The trial was designed as a signal-finding study to evaluate the safety, tolerability, pharmacokinetics and efficacy of the GABAA mechanism in patients with essential tremor. The study was powered at 80% for p=0.05. The goals of the study were to evaluate the feasibility of using the GABAA mechanism and, if positive activity signals were obtained, inform the clinical pathway and design of a second-generation SAGE molecule for the chronic treatment of this disorder.

Patients (n=25) received either blinded SAGE-547 or placebo in two crossover treatment periods. SAGE-547 was administered as a step-up infusion to a steady state dosage. Seventeen of the 25 patients volunteered to participate in an open-label, dose-escalation extension to study the range of pharmacodynamic effects of the GABAA modulator mechanism in conscious patients. Patients were monitored for up to 30 days following treatment.

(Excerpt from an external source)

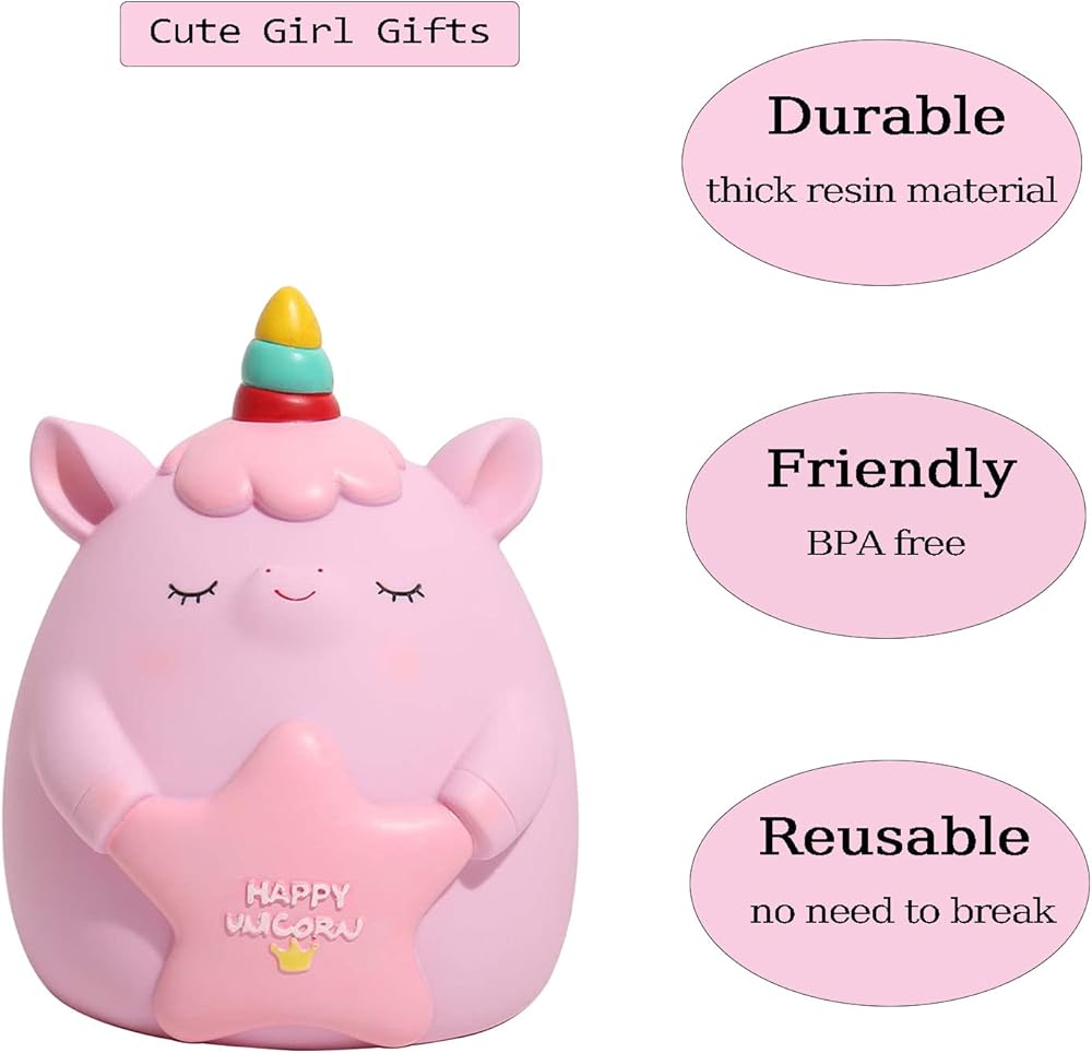 Our unicorn piggy bank material is non-toxic for health, made by rotocasted resin, it is unbreakable for use, more durable than regular plastic and resin piggy banks, kids might drop it many times without any damage.

The study was designed to enroll patients with moderate to severe essential tremor as assessed by a clinician rating scale, The Essential Tremor Rating Scale (TETRAS). Tremor outcome was measured during the trial by TETRAS and accelerometry, a direct physical measure of tremor amplitude and frequency. Patients enrolled in the trial were required to have had diagnosed essential tremor for at least two years and to be off medication, or on a stable dose of medication for their tremor, for at least 28 days prior to screening.